[Extracted data entries]
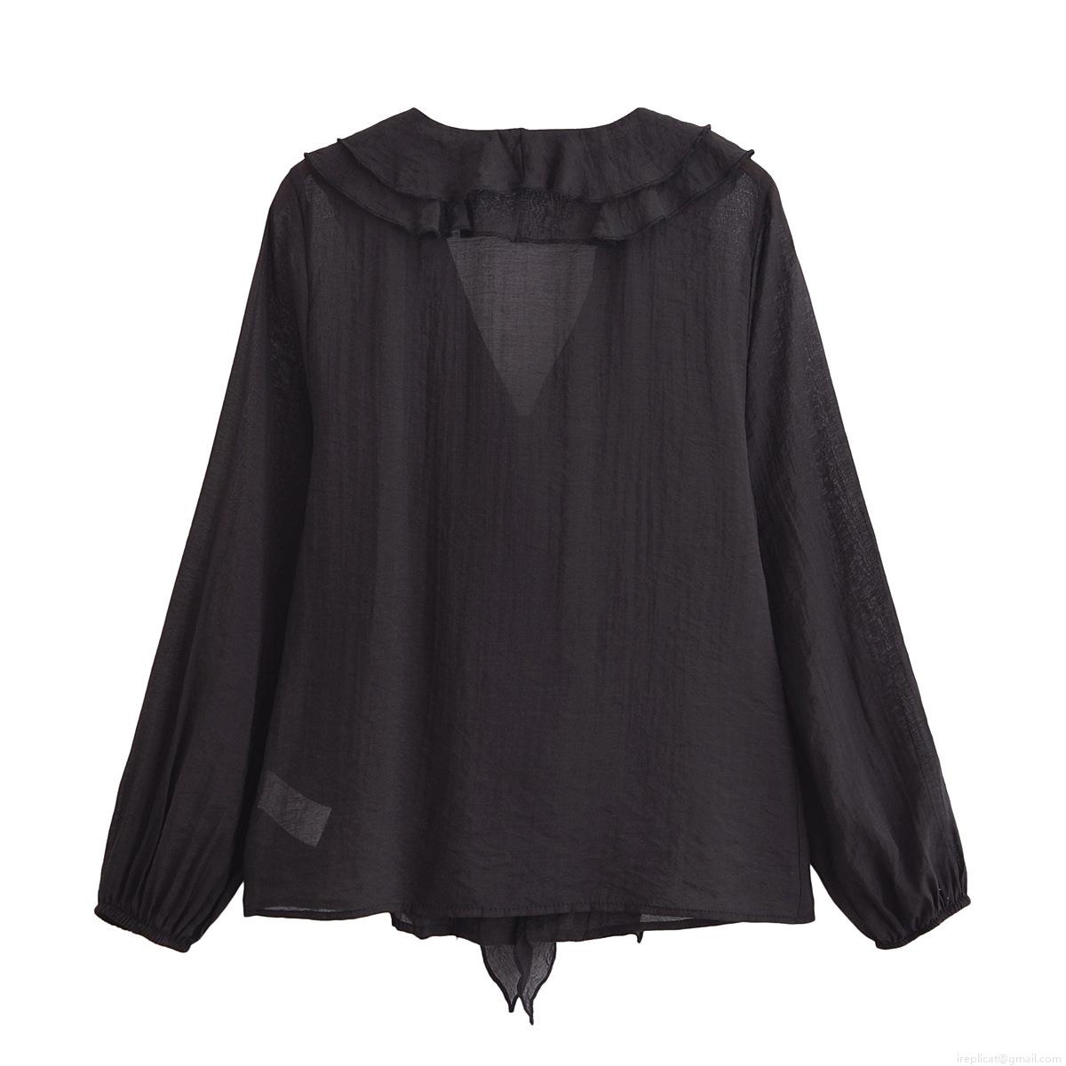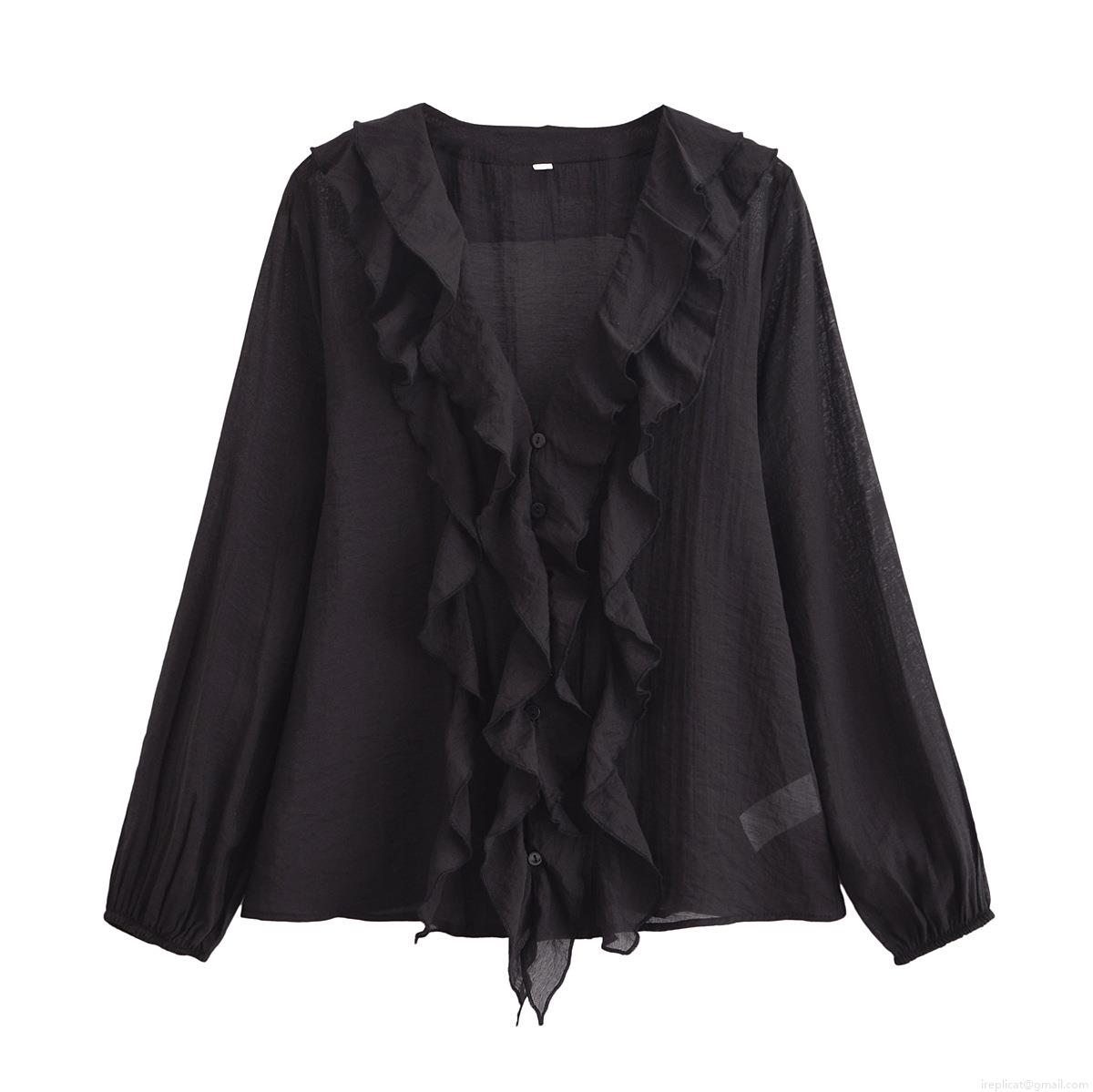 • Women's Elegant V-Neck Ruffle Blouse Long Sleeve Button Down Shirt Chic Layered Ruffled Tops For Dating Party Ladies Solid Color Polyester Blouse
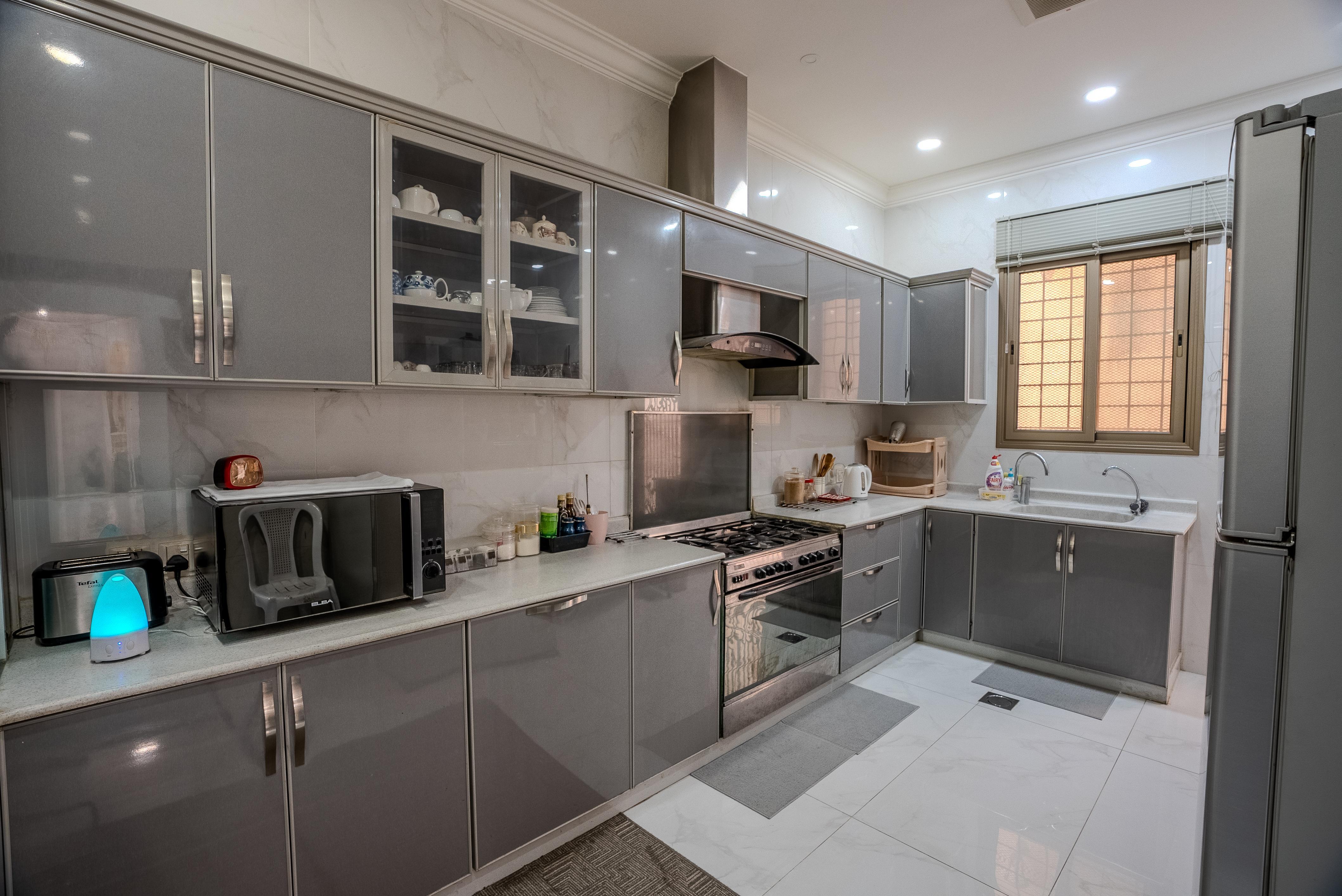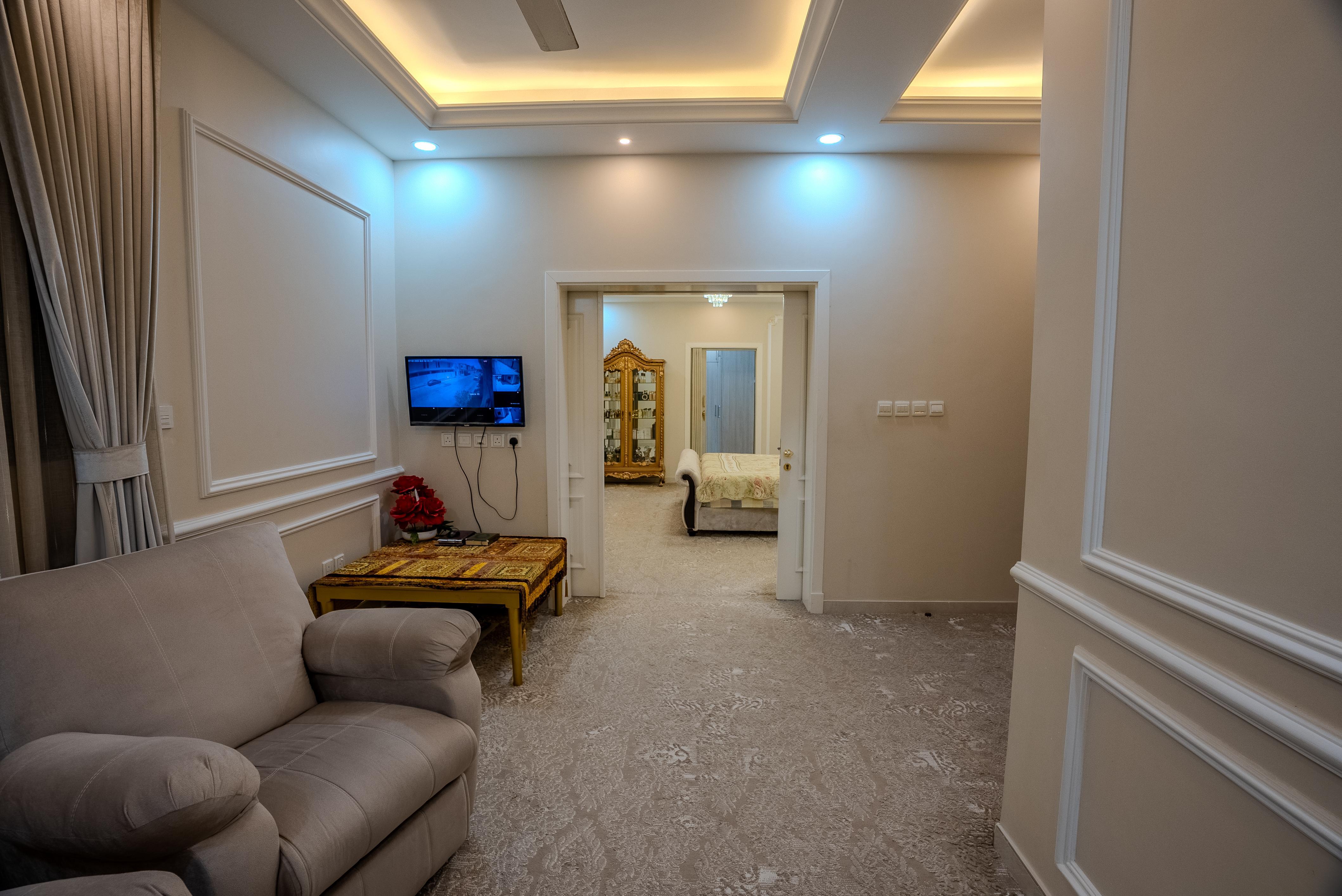 مدخل خاص ومدخل سيارات مع مشب خارجي مكيف ومؤثث كاملا
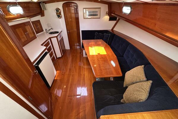 Aft to port is a generous L settee with storage beneath and custom convertible teak table. Across to starboard is a straight settee with storage beneath. Both settees have solid teak backrests.
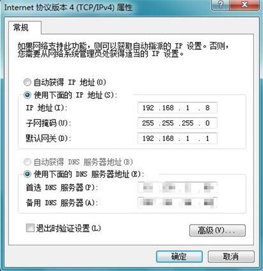 4、设置固定IP:我们一般连接宽带的时候都是自动选择IP,自己使用宽带当然没有问题,但是如果是公用宽带很可能出现连接不上网的情况,那可能是因为你使用的IP并没有被路由器所允许,一般公用的宽带IP都是固定的,设置为路由器分配的IP地址即可。
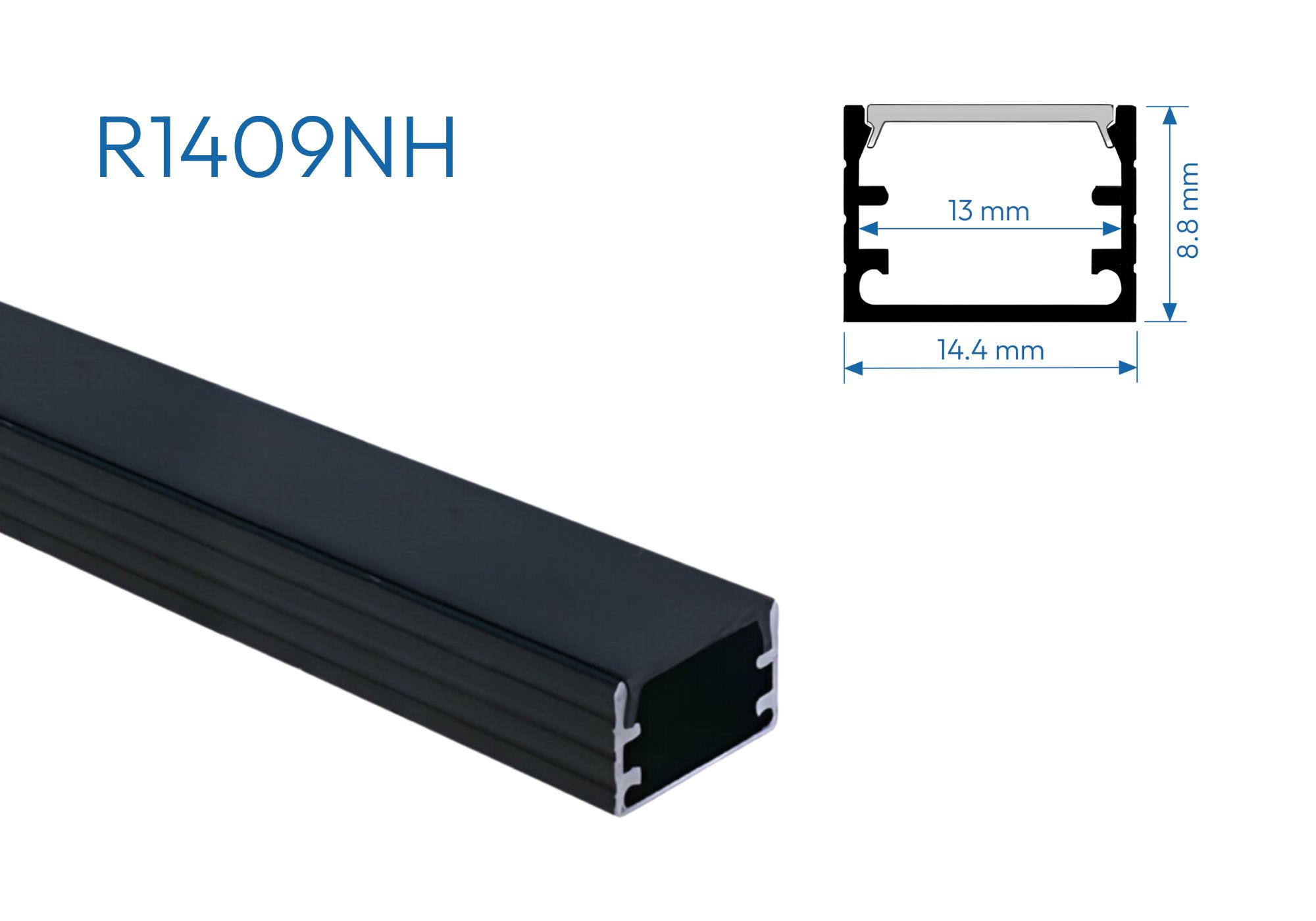 Perfil en Aluminio negro con difusor humo para fabricar luminarias lineales con Cinta LED o regletas LED
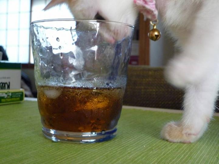氷の入ったコップが珍しくて、氷にじゃれてました(*^_^*)
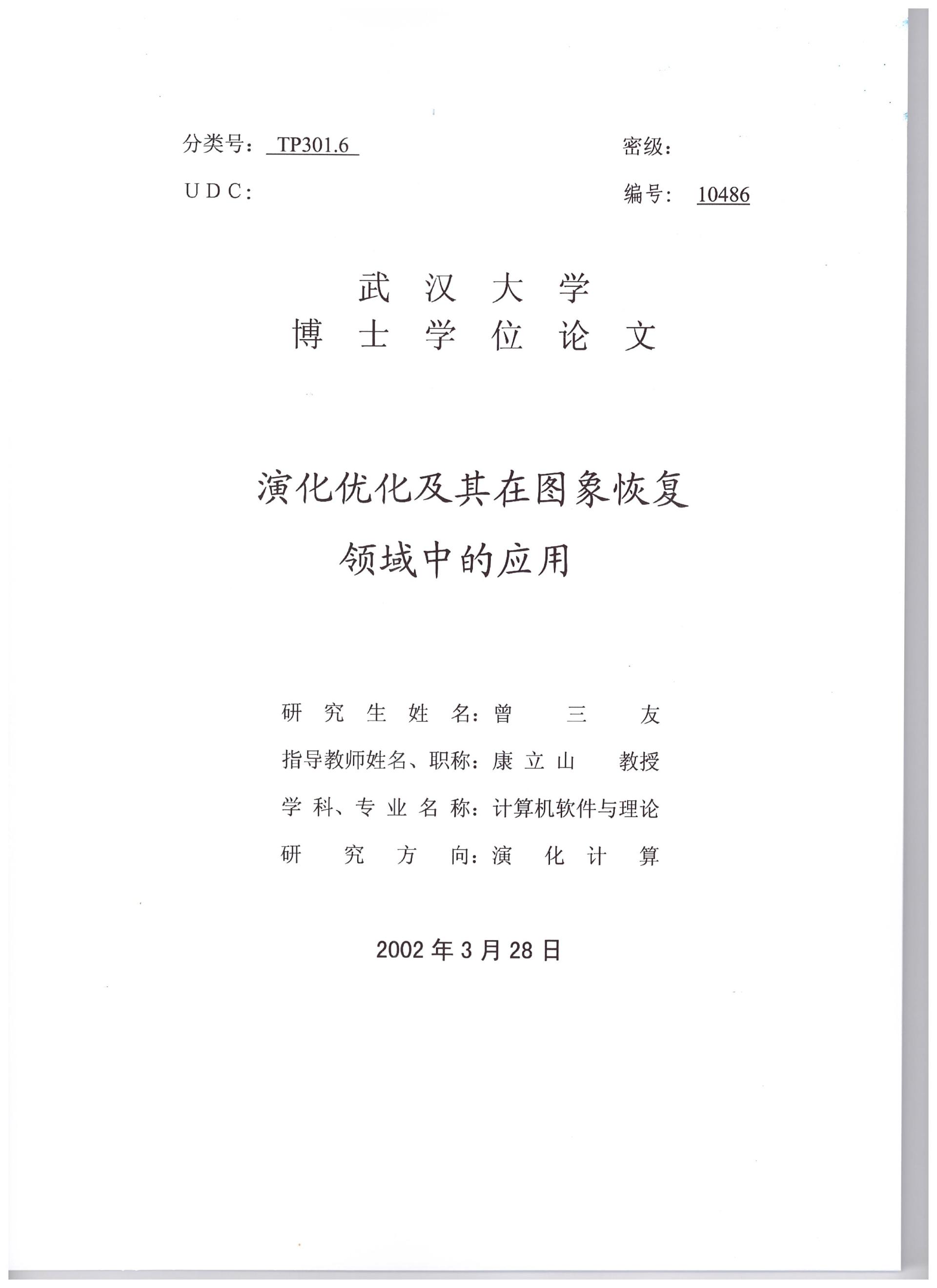 演化优化及其在图象恢复领域中的应用 |
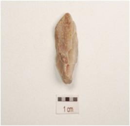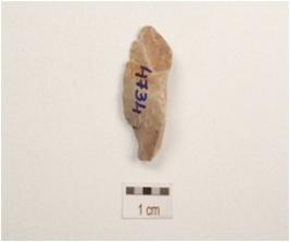 | Description / विवरण | A end struck utilized flake made on chert with a ridge on dorsal, triangular in section, prepared platform and use wear marks on edges. |

• [Exercise] Your answer must be the entries repeated exactly, with no pictures.

• [Answer to this problem]
 • Women's Elegant V-Neck Ruffle Blouse Long Sleeve Button Down Shirt Chic Layered Ruffled Tops For Dating Party Ladies Solid Color Polyester Blouse
 مدخل خاص ومدخل سيارات مع مشب خارجي مكيف ومؤثث كاملا
 Aft to port is a generous L settee with storage beneath and custom convertible teak table. Across to starboard is a straight settee with storage beneath. Both settees have solid teak backrests.
 4、设置固定IP:我们一般连接宽带的时候都是自动选择IP,自己使用宽带当然没有问题,但是如果是公用宽带很可能出现连接不上网的情况,那可能是因为你使用的IP并没有被路由器所允许,一般公用的宽带IP都是固定的,设置为路由器分配的IP地址即可。
 Perfil en Aluminio negro con difusor humo para fabricar luminarias lineales con Cinta LED o regletas LED
氷の入ったコップが珍しくて、氷にじゃれてました(*^_^*)
 演化优化及其在图象恢复领域中的应用 |
 | Description / विवरण | A end struck utilized flake made on chert with a ridge on dorsal, triangular in section, prepared platform and use wear marks on edges. |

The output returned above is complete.